> _Task objective_
Across the whole listing, return each line exactly, with no images included.
═════ Data extract
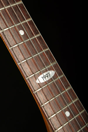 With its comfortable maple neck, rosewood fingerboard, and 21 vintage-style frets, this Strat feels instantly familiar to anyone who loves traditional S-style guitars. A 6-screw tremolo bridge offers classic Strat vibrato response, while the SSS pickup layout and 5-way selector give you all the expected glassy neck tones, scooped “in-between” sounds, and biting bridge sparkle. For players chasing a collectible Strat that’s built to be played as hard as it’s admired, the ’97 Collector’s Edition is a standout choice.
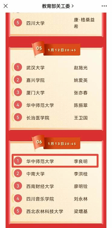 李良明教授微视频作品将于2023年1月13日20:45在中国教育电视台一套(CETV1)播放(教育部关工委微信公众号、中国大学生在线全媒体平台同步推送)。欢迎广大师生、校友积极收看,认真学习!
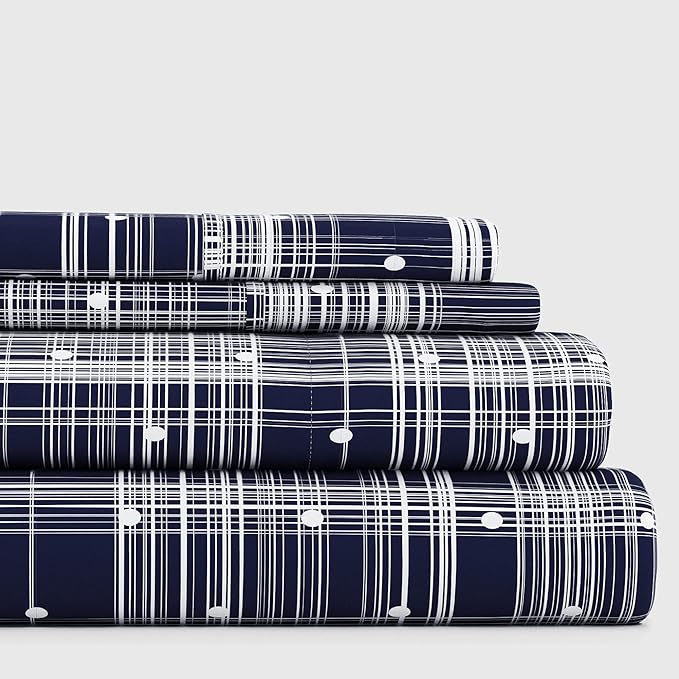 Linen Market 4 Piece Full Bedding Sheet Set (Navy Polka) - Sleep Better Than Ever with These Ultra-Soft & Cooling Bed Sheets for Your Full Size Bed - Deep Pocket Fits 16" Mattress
══════════
> _Exercise answer_
 With its comfortable maple neck, rosewood fingerboard, and 21 vintage-style frets, this Strat feels instantly familiar to anyone who loves traditional S-style guitars. A 6-screw tremolo bridge offers classic Strat vibrato response, while the SSS pickup layout and 5-way selector give you all the expected glassy neck tones, scooped “in-between” sounds, and biting bridge sparkle. For players chasing a collectible Strat that’s built to be played as hard as it’s admired, the ’97 Collector’s Edition is a standout choice.
 李良明教授微视频作品将于2023年1月13日20:45在中国教育电视台一套(CETV1)播放(教育部关工委微信公众号、中国大学生在线全媒体平台同步推送)。欢迎广大师生、校友积极收看,认真学习!
 Linen Market 4 Piece Full Bedding Sheet Set (Navy Polka) - Sleep Better Than Ever with These Ultra-Soft & Cooling Bed Sheets for Your Full Size Bed - Deep Pocket Fits 16" Mattress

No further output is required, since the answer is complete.